Plot the following straight lines. Give the values of the \(y\) -intercept and slope for each of these lines and interpret them. Indicate whether each of the lines gives a positive or a negative relationship between \(x\) and \(y\). a. \(y=100+5 x\) b. \(y=400-4 x\)

Short Answer

Expert verified
For the line \(y=100+5 x\), the slope is 5 and the \(y\)-intercept is 100. It shows a positive relationship between \(x\) and \(y\). For the line \(y=400-4 x\), the slope is -4 and the \(y\)-intercept is 400. It shows a negative relationship between \(x\) and \(y\).

Step by step solution

01

Identify the Slope and Y-intercept for Line (a)

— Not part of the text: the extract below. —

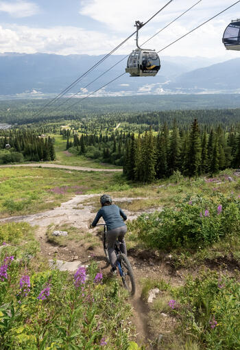 Si vous êtes à la recherche d'une authentique aventure de vélo de montagne en Colombie-Britannique, Golden est l'endroit qu'il vous faut ! Avec certains des meilleurs terrains de vélo d'Amérique du Nord, dont 185 km de pistes de ski de fond, la descente difficile du Mont 7 et le parc de descente avec remontées mécaniques du Kicking Horse Mountain Resort, Golden est en train de devenir l'un des endroits clés des Rocheuses canadiennes pour le vélo de montagne et les événements cyclistes.

From the equation \(y = 100 + 5x\), the slope, \(m\), is 5 and \(y\)-intercept, \(c\), is 100.
02

Interpret and Define Relationship for Line (a)

Since the slope is positive, it shows a positive relationship between \(x\) and \(y\). As \(x\) increases, \(y\) increases. The \(y\)-intercept being 100 tells us that the line intersects the \(y\)-axis at the point (0, 100).
03

Identify the Slope and Y-intercept for Line (b)

From the equation \(y = 400 - 4x\), the slope, \(m\), is -4 and \(y\)-intercept, \(c\), is 400.
04

Interpret and Define Relationship for Line (b)

The negative slope indicates a negative relationship between \(x\) and \(y\), meaning as \(x\) increases, \(y\) decreases. The \(y\)-intercept being 400 means that the line intersects the \(y\)-axis at the point (0, 400).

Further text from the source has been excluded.